__What the task requires__
Print exactly the lines from the one that contains "ミケンディープパッチが怪しい" through the last line of the material, both included, and leave out all pictures.

------ Source material ------

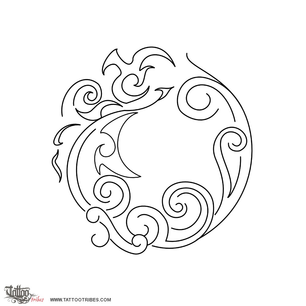 Darwyyn requested this tattoo of a circular stylized phoenix where fire and water, phoenix and waves, would meet.
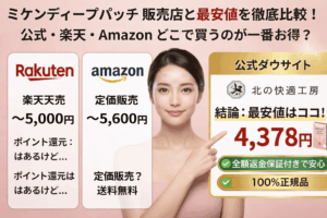 ミケンディープパッチが怪しいと言われる理由を詳しく知りたい人はこの記事を、返金保証の条件等を含めまずはご自身に合うか慎重に検討したい人は以下の公式サイトをご確認ください。
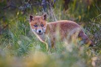 Een schattige jonge vos in het hoge gras

------

__Your response__
 ミケンディープパッチが怪しいと言われる理由を詳しく知りたい人はこの記事を、返金保証の条件等を含めまずはご自身に合うか慎重に検討したい人は以下の公式サイトをご確認ください。
 Een schattige jonge vos in het hoge gras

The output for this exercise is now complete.